● WHAT THE TASK REQUIRES
With the pictures left out, write out the records verbatim.
Start of Block
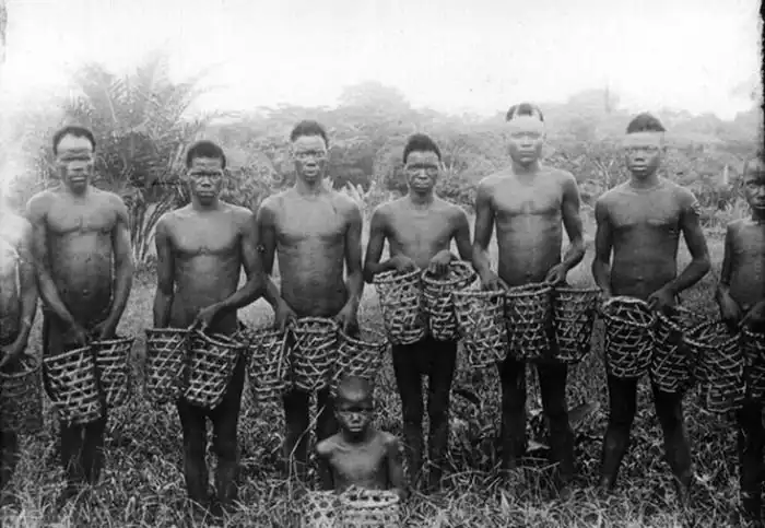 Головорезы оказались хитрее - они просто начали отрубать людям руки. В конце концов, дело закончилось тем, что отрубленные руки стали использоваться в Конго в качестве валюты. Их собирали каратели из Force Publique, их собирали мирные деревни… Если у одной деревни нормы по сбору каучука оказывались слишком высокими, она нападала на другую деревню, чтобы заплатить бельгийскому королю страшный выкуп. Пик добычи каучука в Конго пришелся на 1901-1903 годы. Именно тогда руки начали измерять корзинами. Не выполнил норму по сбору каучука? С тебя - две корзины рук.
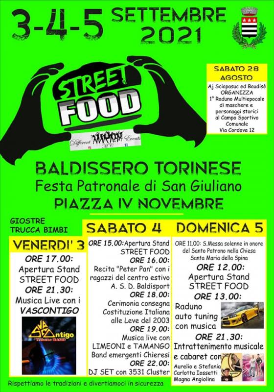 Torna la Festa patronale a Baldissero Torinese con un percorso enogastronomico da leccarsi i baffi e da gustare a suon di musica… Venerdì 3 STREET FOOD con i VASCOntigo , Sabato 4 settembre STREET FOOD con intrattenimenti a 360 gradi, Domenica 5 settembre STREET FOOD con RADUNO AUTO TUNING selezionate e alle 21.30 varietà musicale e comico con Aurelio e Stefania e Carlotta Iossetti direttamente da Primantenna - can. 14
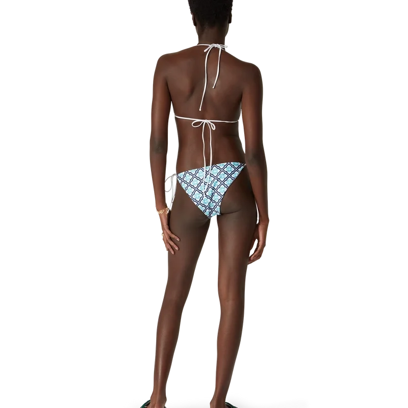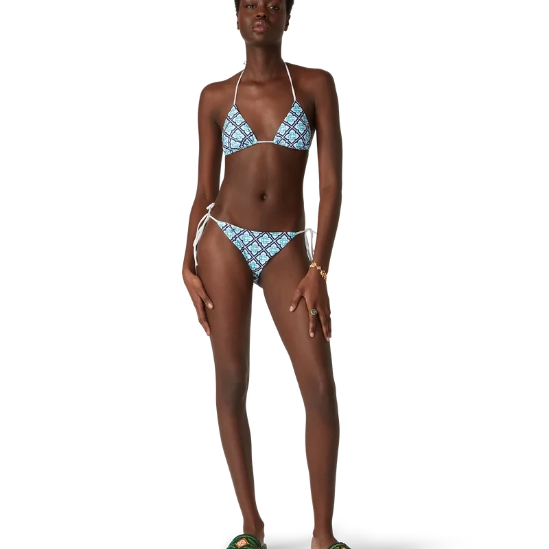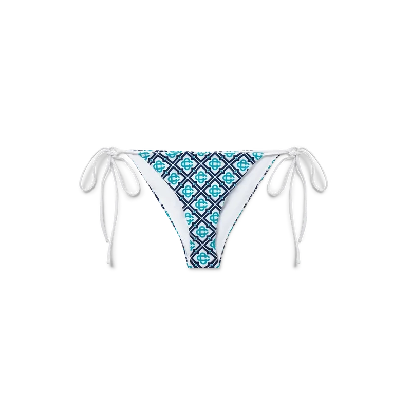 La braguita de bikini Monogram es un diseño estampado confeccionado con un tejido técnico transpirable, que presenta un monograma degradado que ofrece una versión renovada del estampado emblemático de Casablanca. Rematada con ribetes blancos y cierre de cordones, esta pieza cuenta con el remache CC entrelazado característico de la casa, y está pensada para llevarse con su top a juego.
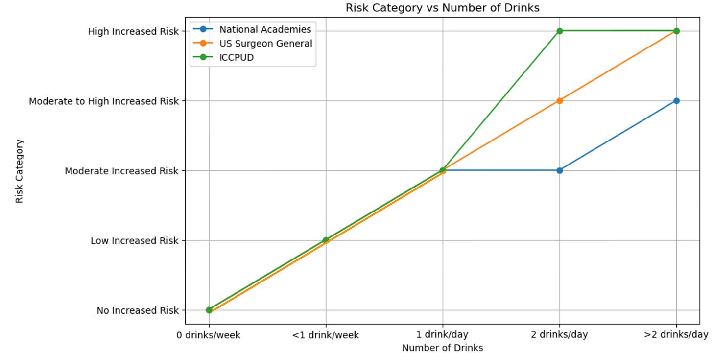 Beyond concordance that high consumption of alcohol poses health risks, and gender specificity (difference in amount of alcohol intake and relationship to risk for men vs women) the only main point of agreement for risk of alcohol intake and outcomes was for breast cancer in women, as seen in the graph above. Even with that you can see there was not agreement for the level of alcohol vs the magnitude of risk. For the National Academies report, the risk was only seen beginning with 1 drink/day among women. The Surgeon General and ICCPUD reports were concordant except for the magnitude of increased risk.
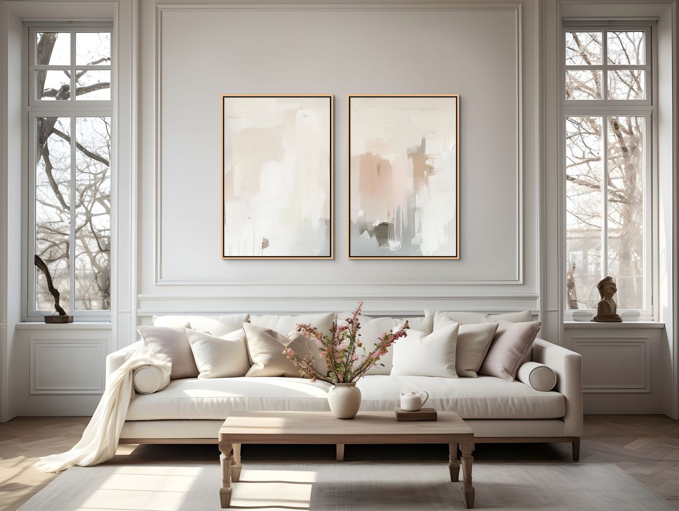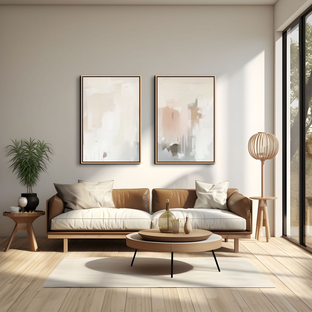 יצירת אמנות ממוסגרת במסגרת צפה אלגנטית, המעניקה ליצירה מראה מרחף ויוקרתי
End of Block
● OUTPUT FOR THIS TASK
 Головорезы оказались хитрее - они просто начали отрубать людям руки. В конце концов, дело закончилось тем, что отрубленные руки стали использоваться в Конго в качестве валюты. Их собирали каратели из Force Publique, их собирали мирные деревни… Если у одной деревни нормы по сбору каучука оказывались слишком высокими, она нападала на другую деревню, чтобы заплатить бельгийскому королю страшный выкуп. Пик добычи каучука в Конго пришелся на 1901-1903 годы. Именно тогда руки начали измерять корзинами. Не выполнил норму по сбору каучука? С тебя - две корзины рук.
 Torna la Festa patronale a Baldissero Torinese con un percorso enogastronomico da leccarsi i baffi e da gustare a suon di musica… Venerdì 3 STREET FOOD con i VASCOntigo , Sabato 4 settembre STREET FOOD con intrattenimenti a 360 gradi, Domenica 5 settembre STREET FOOD con RADUNO AUTO TUNING selezionate e alle 21.30 varietà musicale e comico con Aurelio e Stefania e Carlotta Iossetti direttamente da Primantenna - can. 14
 La braguita de bikini Monogram es un diseño estampado confeccionado con un tejido técnico transpirable, que presenta un monograma degradado que ofrece una versión renovada del estampado emblemático de Casablanca. Rematada con ribetes blancos y cierre de cordones, esta pieza cuenta con el remache CC entrelazado característico de la casa, y está pensada para llevarse con su top a juego.
 Beyond concordance that high consumption of alcohol poses health risks, and gender specificity (difference in amount of alcohol intake and relationship to risk for men vs women) the only main point of agreement for risk of alcohol intake and outcomes was for breast cancer in women, as seen in the graph above. Even with that you can see there was not agreement for the level of alcohol vs the magnitude of risk. For the National Academies report, the risk was only seen beginning with 1 drink/day among women. The Surgeon General and ICCPUD reports were concordant except for the magnitude of increased risk.
 יצירת אמנות ממוסגרת במסגרת צפה אלגנטית, המעניקה ליצירה מראה מרחף ויוקרתי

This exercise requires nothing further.